Kritik Formalistik
Kritik ini didasarkan kepada gagasan bahwa bentuk (form) merupakan sesuatu yang penting bagi pemahaman yang sebenarnya dari karya sastra. Jadi permasalahan yang utama bukanlah pertimbangan-pertimbangan yang ekstraliterer seperti kehidupan dan zaman pengarang atau fenomena sosiologis, melainkan sebagai bentuk, efek, sertaterjadinya karya sastra.
Antara pandangan bahwa alat sastra dapat diabstraksi dan larangan untuk melakukan parafrase terjadi kontradiksi. Untuk menjembatani perbedaan tersebut perlu dipahami konsep fungsi, bagaimana alat-alat atau prinsip-prinsip konstruktif tertentu membuat teks menjadi sebuah keseluruhan yang organis.

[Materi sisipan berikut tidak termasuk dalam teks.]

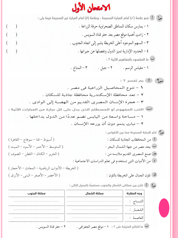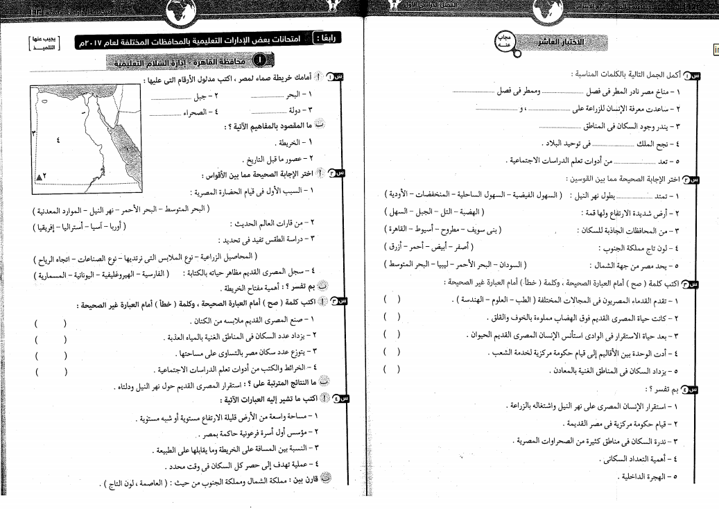 امتحانات سلاح التلميذ فى الدراسات الإجتماعية للصف الرابع الابتدائى نص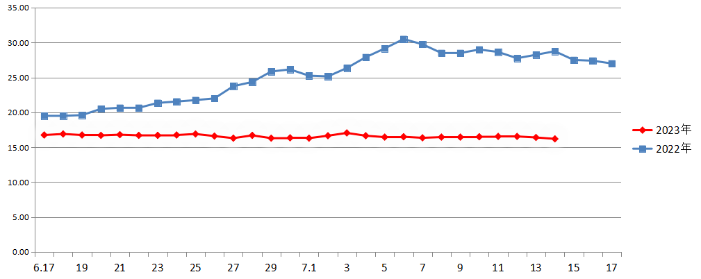2023年6月末7月初与2022年同期鸡蛋平均价走势对比图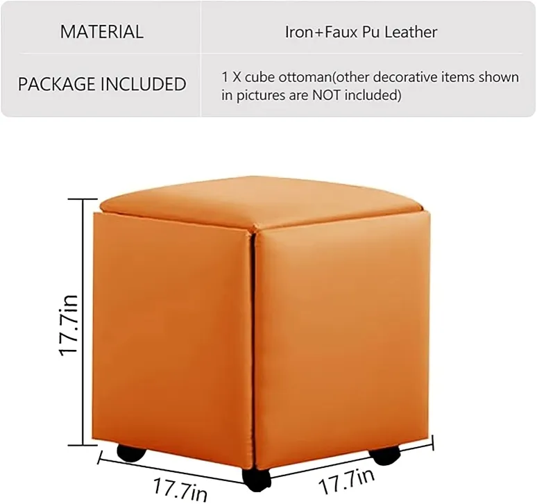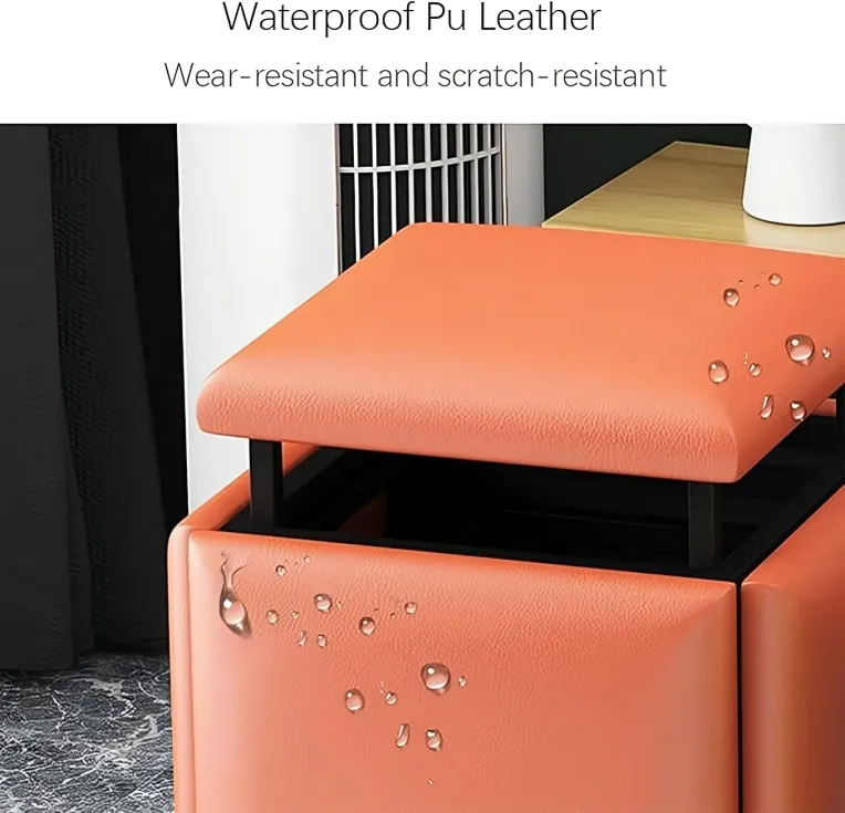 المواد: مصنوع من فولاذ كربوني متين، نسيج تكنولوجي، جلد أو قماش عالي الجودة، إسفنج عالي الكثافة، مع عملية طلاء مقاومة للصدأ والرطوبة والتآكل.التصميم: 5 في 1 على شكل مكعب نرد، يمكن استخدامه كمقعد واحد أو تقسيمه إلى 5 مقاعد منفصلة.الاستخدامات: يصلح كمقعد، طاولة قهوة، طاولة جانبية، أو وحدة تخزين للديكور.المزايا: سعة تحمل حتى 200 كجمسهل التجميع بفضل العجلات ووسائد القدميوفر المساحة عند التخزينيمكن نقله وإعادة ترتيبه بسهولةالمكان المناسب: غرفة المعيشة، غرفة النوم، المكتب، غرفة الطعام، الشقق الصغيرة.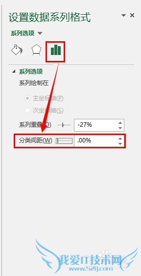 在右侧的设置数据系列格式中,点击填充柱选项卡,然后设置 分类间距 为0: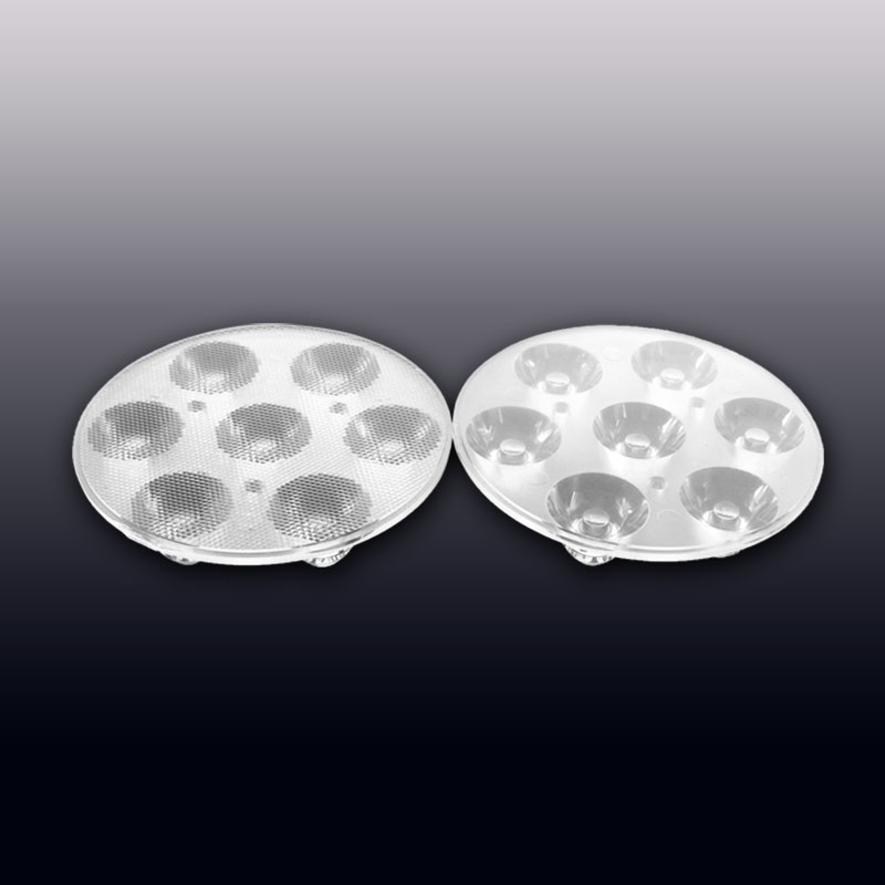 99. 3535 RGBW Lens: 4-in-1 Color Mixing Lens The 3535 RGBW lens (10mm x 10mm) combines four channels (red, green, blue, white) into a single 120° beam, ideal for dynamic color lighting. The PMMA structure (92% transmittance) ensures uniform color mixing, with heat resistance up to 80°C. Technical specs: compatible with 3535 RGBW SMDs, snap-in installation, and anti-yellowing treatment. Used in stage lighting, architectural facades, or smart home systems. 100. Optics for Cree XPH 352 Hi LED Designed for Cree XPH 352 Hi LEDs, this optical system includes a 25° collimator lens (30mm diameter) and aluminum reflector, enhancing light output by 85%. The PMMA lens (92% transmittance) and 95% reflective aluminum create a precise beam for spotlights or projectors. Technical specs: heat resistance up to 90°C, snap-fit mounting, and compatibility with 10W-20W Cree LEDs.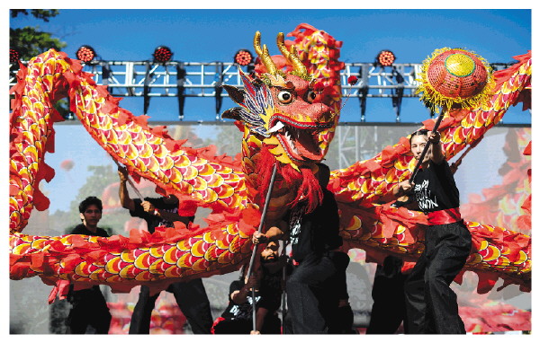 1月13日,演员在智利圣地亚哥举行的春节庆祝活动上表演舞龙。 新华社发(豪尔赫·比列加斯摄)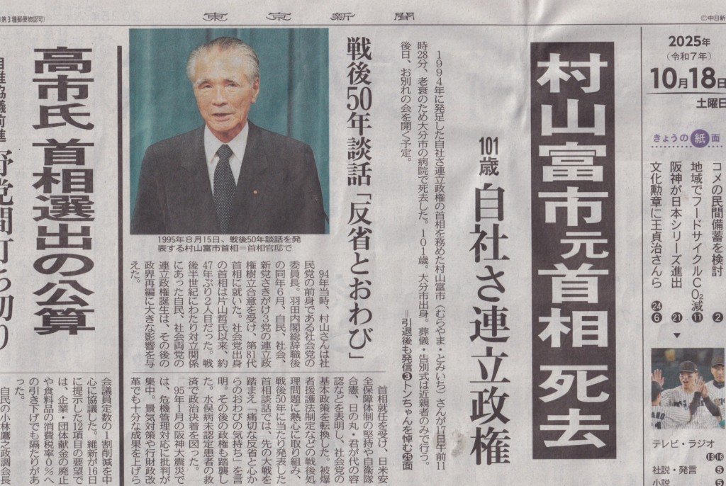 1994年に発足した自社さ連立政権の首相を務めた村山富市さんが101歳で亡くなりました。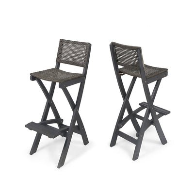 Outdoor Folding Acacia Wood Barstools With Rattan Backrest And Seat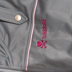 Tokidoki gray embroidered jacket skull cross bones women's size Large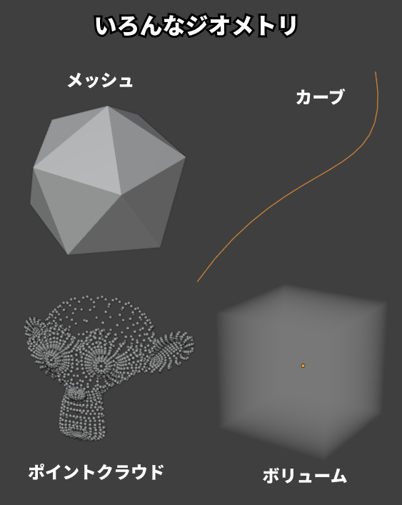 - ボリューム(Volume)…空間内に分布する値を持つ立体的なジオメトリ。密度や色などの属性を持ち、煙や雲、流体のような体積表現に使われます。
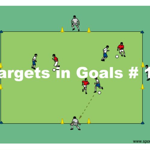 - play 1v1 inside the grid and try to complete a penetrating shot, pass or dribble through the cone goals to the target player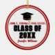 Este moderno adorno de Navidad rojo y blanco personalizado de la Clase de 2026 presenta el nombre de tu escuela secundaria o universidad. Personaliza con el nombre del estudiante graduado debajo del elegante texto y la gorra de graduado negra para un regalo de graduación personalizado genial.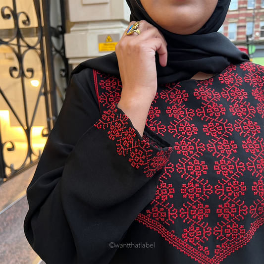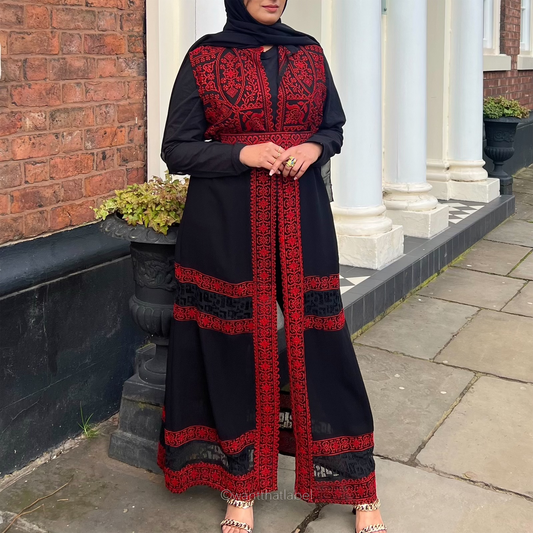 Aisha Palestinian Black Red Embroidery Maxi Abaya Thobe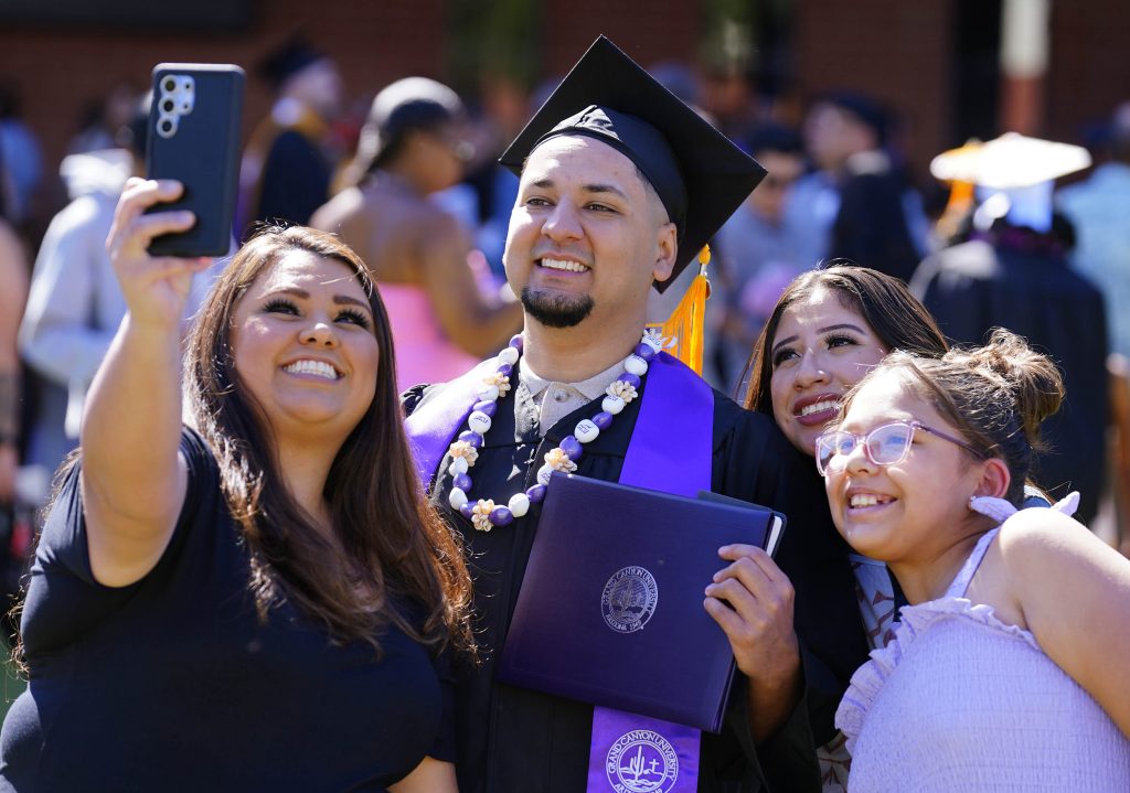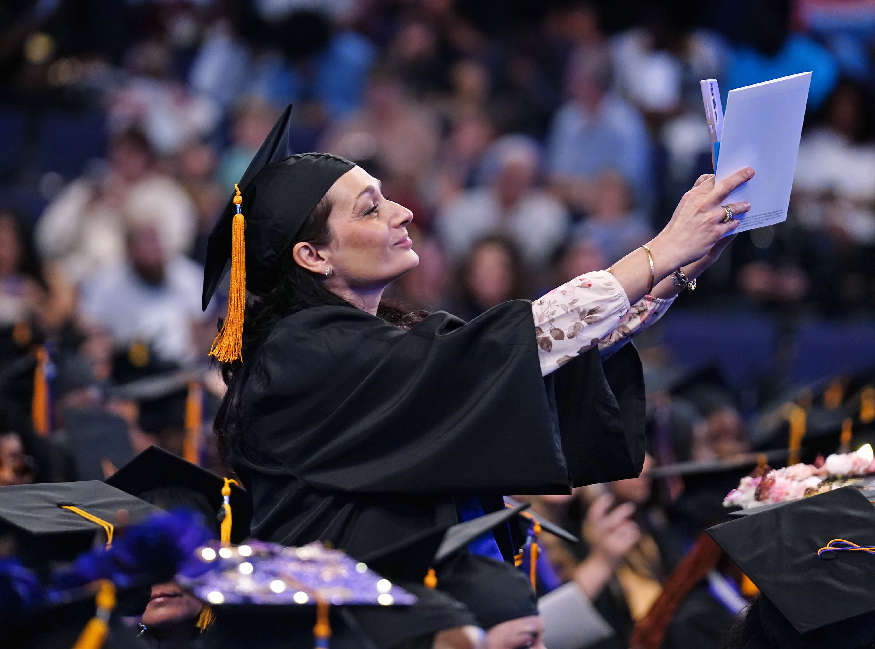 A graduate takes a selfie during the Thursday morning fall commencement ceremony at Global Credit Union Arena on Oct. 16, 2025. -

Hal tersebut akan mengarah pada konsep tentang sistem sastra, dan akhirnya mengarah pada konsep tentang struktur. Selain itu, juga dikembangkan "konsep dominan, ciri menonjol atau utama, aspek bahasa tertentu secara dominan menentukan ciri-ciri khas hasil sastra yang bersangkutan, misalnya rima, matra, atau aspek apa pun sehingga dalam analisis dan interpretasi karya sastra aspek dominan itulah yang harus ditekankan, sedangkan aspek-aspek lain sering menyangga hal yang dominan itu." (Teeuw, 1984:130---131).
Tujuan dari kritik formalistik adalah kajian terhadap sastra agar mencapai taraf ilmiah. Untuk mencapai taraf itulah maka diperlukan sifat-sifat yang universal atau sesuatu yang general dari karya sastra.
Kritik Psikologis
Kritik jenis ini mencoba mendalami aspek/segi-segi kejiwaan suatu karya sastra. Wellek (1962:81) menjelaskan bahwa ada 4 aspek yang berkaitan dengan psikologis sastra, antara lain:
- studi psikologis terhadap pengarang sebagai tipe dan individu,
- studi mengenal proses kreativitas,
- studi mengenal tipe atau hukum-hukum karya sastra, dan
- studi mengenai efek sastra terhadap pembacanya.
Kajian psikologis pengarang dapat dilakukan dengan 2 cara, yaitu: (i) dengan alur sastra-pengarang-sastra dan (ii) dokumen-dokumen pribadi nonlieter-kepribadian pengarangsastra. Tujuan utama kajian ini ialah menyelami dan menjelaskan daya tarik suatu karya terhadap pembaca perseorangan.
Kritik Sosiologis
Asumsi yang harus dipegang sebagai pangkal tolak kritik sastra aliran sosiologi ialah bahwa karya sastra tidaklah lahir dari kekosongan sosial (social vacuum). Ini sebenarnya bukanlah suatu asumsi yang berlebihan, meskipun kita juga harus selalu ingat bahwa karya sastra adalah hasil dari daya khayal atau imajinasi. Secara langsung atau tidak imajinasi pengarang dipengaruhi, tidak ditentukan oleh pengalaman manusiawi dalam lingkungan hidupnya, termasuk di dalamnya adalah sumber-sumber bacaan.
Kritikus sosiologis dapat mengkaji hubungan antara pengarang sebagai individu atau tipe dikaitkan dengan keadaan yang khas dari era kultural tempat pengarang/para pengarang itu hidup dan menulis; hubungan antara karya sastra dengan masyarakat yang digambarkannya.
Wellek tampak lebih memberi kemungkinan telaah yang lebih luas wilayahnya. Menurut keduanya telaah sosiologis terhadap karya sastra dapat berupa:
- sosiologi pengarang yang memasalahkan status sosial, ideologi sosial, dan lain-lain yang menyangkut diri pengarang sebagai pencipta sastra;
- sosiologi karya sastra yang memasalahkan karya sastra itu sendiri, yang menjadi pokok kajiannya ialah apa yang tersirat dalam karya sastra dan apa yang menjadi tujuannya;
- sosiologi sastra yang memasalahkan pembaca dan pengaruh sosial karya sastra (Damono, 1978:3).